Changing variable by method

Question

Why am I getting an output equals 5? I was expecting 6, because after the "addthenumber(x);" line, the method is called, and what I am thinking is the method performs the calculation and 5 becomes 6. So sysout should print 6, but how is it 5?

public class CodeMomkeyPassingvalue 
{
    public static void main(String[] args) 
    {
        int x = 5;
        addthenumber(x);
        System.out.println(x);
    }

    private static void addthenumber(int number) 
    {
        number = number+1;
    }
}

output:

5

Answer 1

Arguments to methods are passed by value, not by reference.
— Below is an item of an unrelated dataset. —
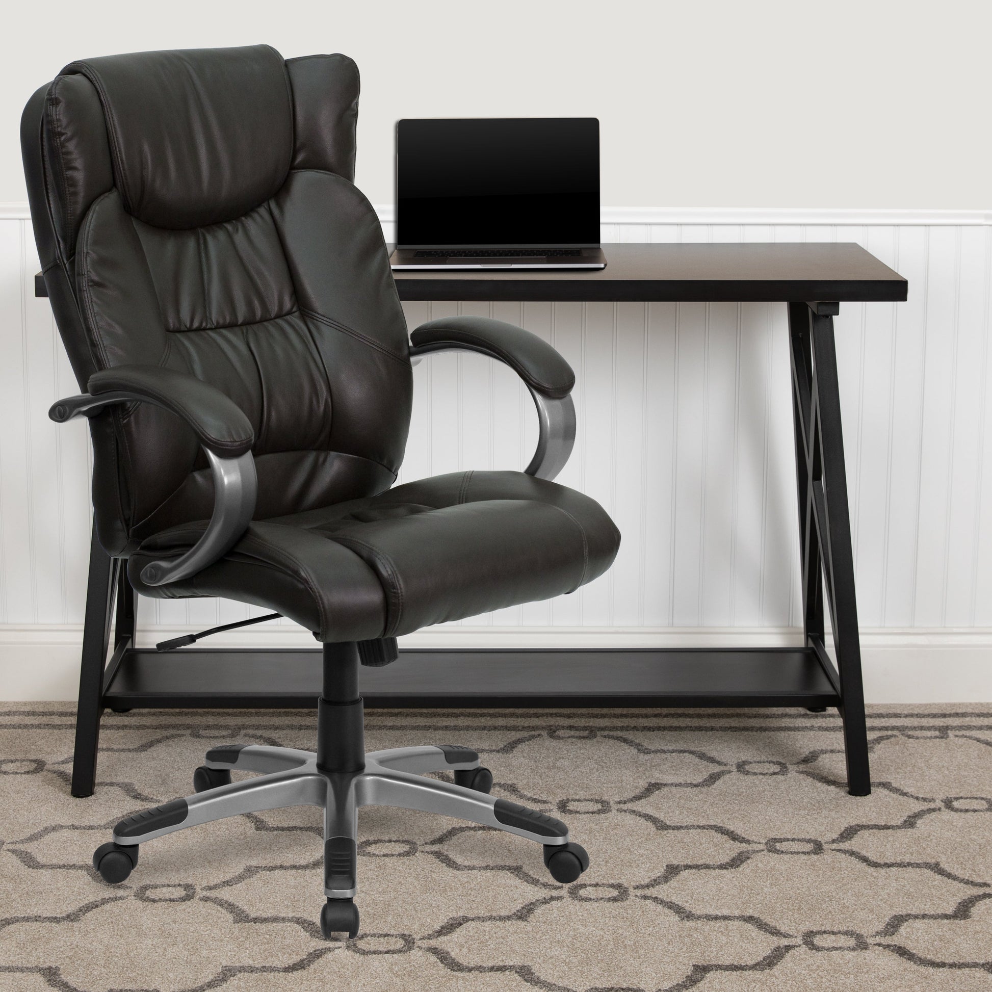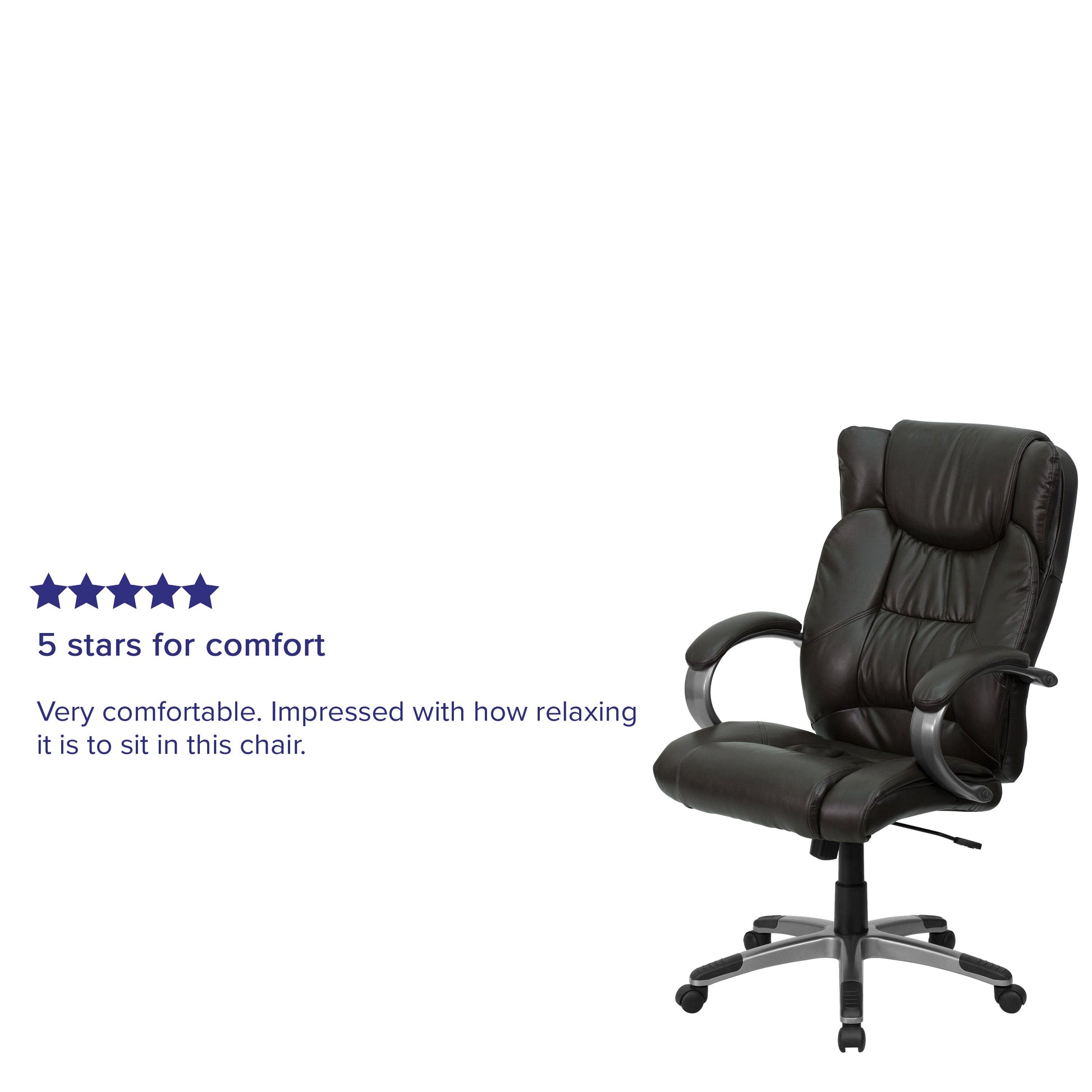 Hansel High Back Espresso Brown LeatherSoft Executive Swivel Office Chair with Titanium Nylon Base and Loop Arms Dimensions: 27"W x 31"D x 44.5" - 48.25"H

That means that not the variable itself, but only the value of the variable is passed to the method.

The variable number inside the method addthenumber is not the same variable as the variable x in the main method. When you change the value of number, it does not have any effect on the variable x in main.

Answer 2

Java follows the call by value paradigma, so the value is not changed in the calling function. If you would like to change the value you have to return it after adding 1;

public static void main(String[] args) 
{
    int x = 5;
     x = addthenumber(x);
    System.out.println(x);
}

private static int addthenumber(int number) 
{
    return number+1;
}

Answer 3

Below code

 {

        int x = 5; // declare x = 5 here

        addthenumber(x); // calling function, passing 5

catch is here - Arguments are passed by value, not by reference. x itself is not passed, only the value of the x is passed to the method.

        System.out.println(x); // printing same x value here, ie 5

    }

private static void addthenumber(int number) {

    number = number + 1;  // 1 added to number locally, and is referencing inside method only.


}